The extended-stay segment is not immune to the challenges the hotel industry is facing during the current recession, but it has weathered the storm better than most. Extended-stay hotels historically have focused on attracting hotel guests for longer periods of time than traditional hotels and often quote weekly and monthly, along with nightly rates. While this segment often has targeted the business
traveler, leisure travelers now are looking to extended stay for the value and convenience. Because upscale extended-stay hotels often provide a complimentary hot breakfast and light dinner, along with full kitchens in room and a common area, leisure travelers are beginning to recognize the benefits. Most major hotel companies offer at least one extended-stay brand, and if year-to-date 2008 room-supply growth is any indication, many hotel developers feel that the segment has a promising future.
|Extended-stay hotels, such as the Staybridge Suites Alpharetta-North Point (pictured here), are poised to outperform the rest of the U.S. hotel industry in 2009.
Nationwide, the hotel industry registered a 2.6 percent year-to-date room-supply growth rate through November 2008 versus the extended-stay growth rate of 9.2 percent. Demand for extended-stay hotels also has outpaced the total industry average. While the industry at large has experienced a decline in demand of 1.5 percent year-to-date through November, the extended-stay segment grew room demand by 3.5 percent. The chart below tells an interesting story with the 12-month moving average for demand across extended stay segments and non-extended stay hotels in the U.S.
As the graph shows, extended stay continually outperforms non-extended stay in demand growth. Seeing the trend above, it should not come as a surprise that the extended-stay segment continued to outperform in September, October and November of 2008. It’s no secret the hotel industry as a whole suffered significant slumps in demand during those three months, but the extended-stay segment bucked that trend. As illustrated by the chart below, extended stay has outperformed the industry nationwide and maintained a positive room-demand growth rate in September, October and November.
Extended Stay vs. Total U.S Monthly Year-Over-Year Growth Rates
Upscale extended-stay performance
Demand growth in the total extended-stay segment has been driven primarily by upscale brands. STR defines upscale extended-stay brands as those falling in the luxury, upper-upscale, upscale or midscale-with-food-and-beverage chain scales. The upscale category accounts for about 42.5 percent of total room supply in the extended-stay segment.

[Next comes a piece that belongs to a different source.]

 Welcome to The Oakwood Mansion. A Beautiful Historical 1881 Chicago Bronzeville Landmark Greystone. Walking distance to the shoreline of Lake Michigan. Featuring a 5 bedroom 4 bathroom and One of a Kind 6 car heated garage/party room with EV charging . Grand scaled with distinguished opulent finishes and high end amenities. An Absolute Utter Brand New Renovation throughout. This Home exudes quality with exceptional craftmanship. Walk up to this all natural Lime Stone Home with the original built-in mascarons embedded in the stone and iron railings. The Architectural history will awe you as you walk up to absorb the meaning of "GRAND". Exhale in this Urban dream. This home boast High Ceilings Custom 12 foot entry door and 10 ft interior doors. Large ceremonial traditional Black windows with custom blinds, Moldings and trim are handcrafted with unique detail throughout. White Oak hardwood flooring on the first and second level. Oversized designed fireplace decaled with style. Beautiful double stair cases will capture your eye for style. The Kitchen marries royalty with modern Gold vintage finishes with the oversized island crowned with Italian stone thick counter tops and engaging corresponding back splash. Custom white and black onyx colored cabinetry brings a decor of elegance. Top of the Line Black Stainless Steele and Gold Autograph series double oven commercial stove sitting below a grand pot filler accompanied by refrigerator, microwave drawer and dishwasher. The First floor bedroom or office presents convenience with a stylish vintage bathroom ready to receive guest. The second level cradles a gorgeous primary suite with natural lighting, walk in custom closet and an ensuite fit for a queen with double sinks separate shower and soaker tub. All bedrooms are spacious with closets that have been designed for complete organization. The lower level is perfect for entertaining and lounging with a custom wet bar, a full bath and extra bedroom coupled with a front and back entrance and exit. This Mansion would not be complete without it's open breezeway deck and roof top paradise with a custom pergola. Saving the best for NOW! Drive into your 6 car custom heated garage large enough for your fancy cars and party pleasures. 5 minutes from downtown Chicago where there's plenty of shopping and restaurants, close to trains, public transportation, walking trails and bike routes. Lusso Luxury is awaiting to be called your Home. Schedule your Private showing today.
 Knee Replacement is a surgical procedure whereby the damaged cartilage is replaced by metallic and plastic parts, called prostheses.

Through November 2008, the upscale extended-stay segment experienced a 6.2 percent year-to-date demand growth rate. However, during the same time period, the upscale extended-stay segment registered a 9.5 percent growth in supply. The tremendous supply growth in the segment pushed the 2008 year-to-date occupancy growth rate to -3 percent. Although demand has outpaced the national average, room-rate growth in the upscale extended stay segment has trended below the national average. Room rates for the upscale extended-stay segment registered a 1.4 percent growth rate year-to-date compared to 2007 (2.8 percent for the total U.S.).

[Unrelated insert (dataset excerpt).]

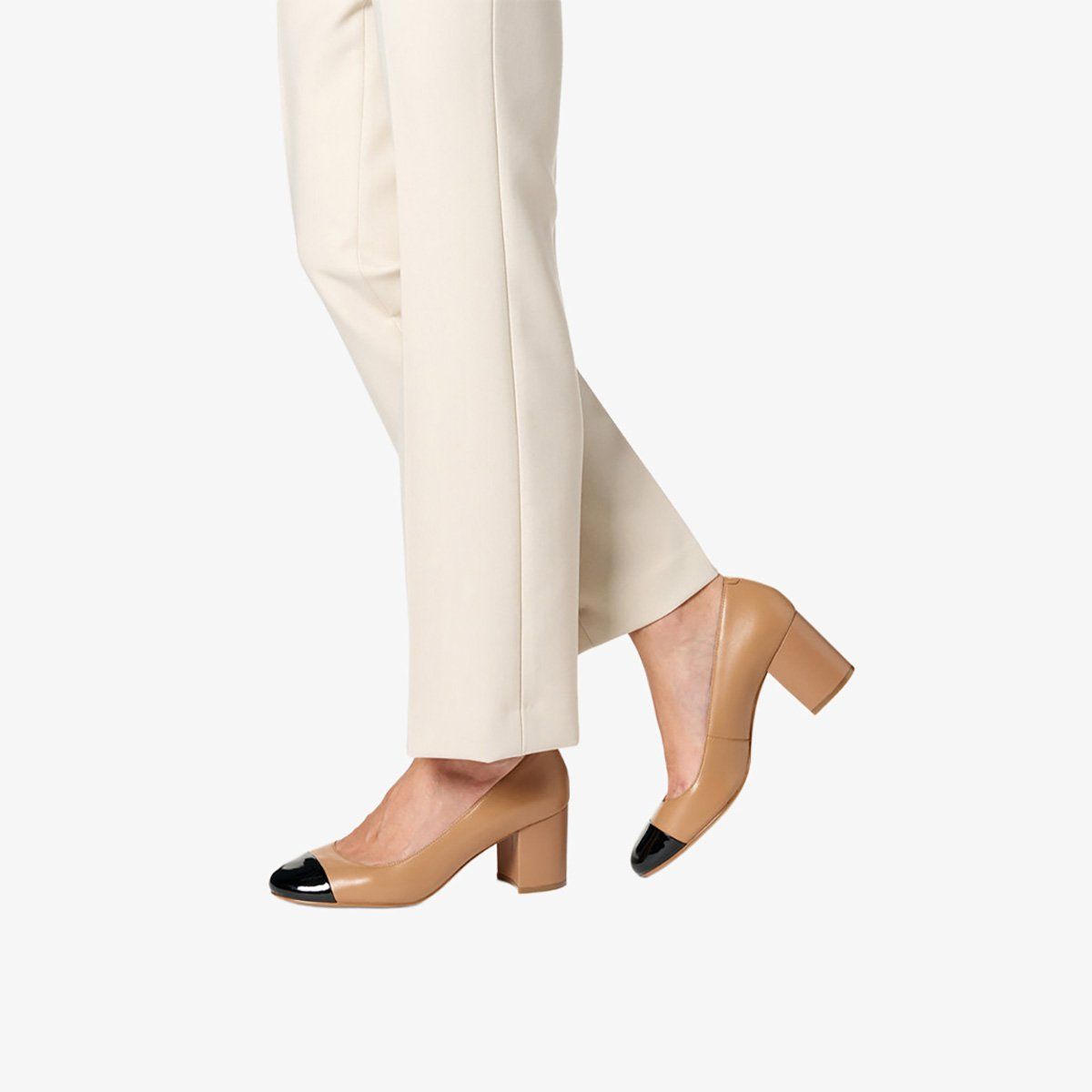 Giày cao gót phong cách hiện đại dành cho nữ, kết hợp hài hòa giữa nét thanh lịch đầy cá tính và sự thoải mái khi mang. Phiên bản tinh tế này được chế tác từ da nappa mềm mại trong bảng màu be – đen thời thượng, điểm xuyết chi tiết da bóng sang trọng. Virnilisa 65 là lựa chọn hoàn hảo để hoàn thiện phong cách nơi công sở hay những buổi dạo phố cuối tuần đầy phong thái.

Midscale/economy extended-stay performance
Midscale/economy extended-stay properties have not experienced the same rate of demand growth as the upscale portion of the segment, but it has outpaced the total industry average. STR defines midscale/economy extended-stay brands as those falling in the midscale-without-food-and-beverage and economy chain scales.
As of November 2008, the midscale/economy segment experienced a room demand growth rate of -0.4 percent and a room-supply growth rate of 8.5 percent. With negative demand growth and soaring room supply, occupancy in the midscale/economy extended-stay segment declined 6 percent year-to-date. Rate growth in the segment has remained positive, with a year-to-date average-daily-rate growth rate of 2 percent.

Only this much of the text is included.